O Estado morre na medida em que não há mais capitalistas, em que não há mais classes e, por isso, não há mais necessidade de esmagar nenhuma classe.[11]

E esse banho de sangue, no seu ápice extremo, finalmente levará ao paraíso terrestre, pois

O Estado poderá desaparecer completamente quando a sociedade tiver realizado o princípio “de cada um segundo suas capacidades, a cada um segundo suas necessidades”.[12]

Essa promessa de uma consumação escatológica dos tempos atuais para alcançar um estado de glória terrena é o que Eric Voegelin acusou de Imanentização do Eskathón.[13]É uma promessa de expectativa quase religiosa capaz de motivar as inversões da mentalidade revolucionária descritas pelo Filósofo brasileiro Olavo de Carvalho. Em prol de uma causa maravilhosa, o revolucionário em busca de concentração de poder julga a realidade sob três importantes inversões: 

1 - A inversão temporal, na qual se faz no presente aquilo que é considerado necessário para a concretização de um futuro certo; 

2 - A inversão moral, na qual se defende a realização de um ato cruel em prol de uma boa causa; 

3 - A inversão agente-objeto, na qual o praticante de determinado ato se vê como vítima da imperiosa necessidade histórica. 

E se você acha que os olhos sempre vigilantes do Big BrotherOrwelliano foram uma inovação stalinista, é porque não prestou atenção na antiga prescrição de onipresença estatal socialista. É curioso quando jovens socialistas dizem combater a opressão policialesca do Estado em prol da liberdade. Mal sabem eles que lutam pelo mais violento e opressor dos Estados. Ou, se sabem, são perigosos bandidos capazes de gerar grande mal e destruição na sociedade.
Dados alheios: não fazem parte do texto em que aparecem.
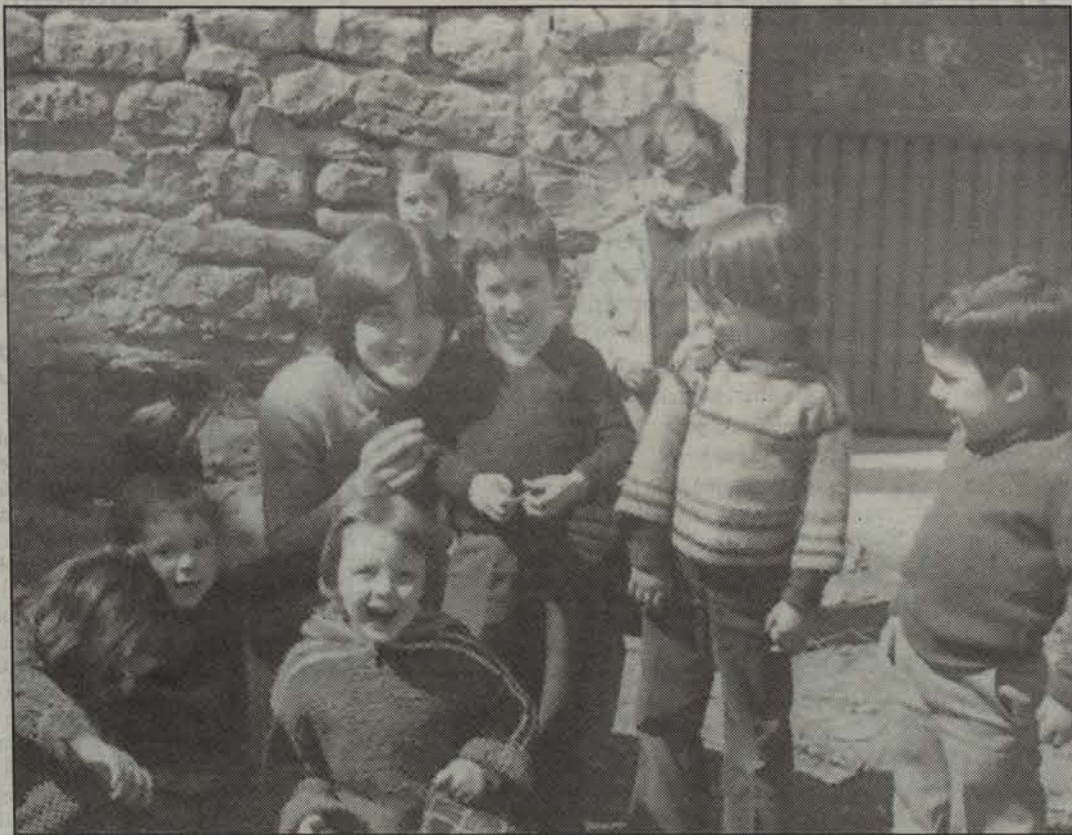
Tafallako ikastolako andereño bat ikasleekin, orain dela zenbait urte.

Até a chegada dessa fase superior do comunismo, os socialistas exigem a fiscalização rigorosa do trabalho e do consumo pela sociedade e pelo Estado, mas essa fiscalização deve começar pela expropriação dos capitalistas e ser exercida pelo Estado dos operários armados, não pelo Estado dos funcionários.[14]

Esse exercício do poder estatal pelos “operários armados” pode, inclusive, degenerar a condição de classe daqueles que ocupam o Estado em processo de definhamento. Lênin prevê a corrupção de alguns elementos revolucionários por causa do contato com a máquina burocrática do Estado arrancada das mãos da burguesia. É como se os revolucionários se tornassem aburguesados. 
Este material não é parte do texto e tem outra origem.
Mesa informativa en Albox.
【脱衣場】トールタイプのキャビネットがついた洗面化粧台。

(...) pessoas privilegiadas, desligadas das massas, colocadas acima das massas. Nisso reside a essência do burocratismo e, enquanto os capitalistas não forem expropriados, enquanto a burguesia não for derrubada, até esse momento é inevitável certa burocratização mesmo dos funcionários proletários.[15]

Em relação à tão querida democracia, palavra que incontáveis intelectuais usam com boca cheia e cérebro ausente, Lênin tece críticas formais ainda hoje reproduzidas com muita correção por bons cientistas políticos. Aliás, os anarcocapitalistas guardam, de forma semelhante, uma visão pragmática e pessimista da democracia, e têm sua boa cota de razão.[16]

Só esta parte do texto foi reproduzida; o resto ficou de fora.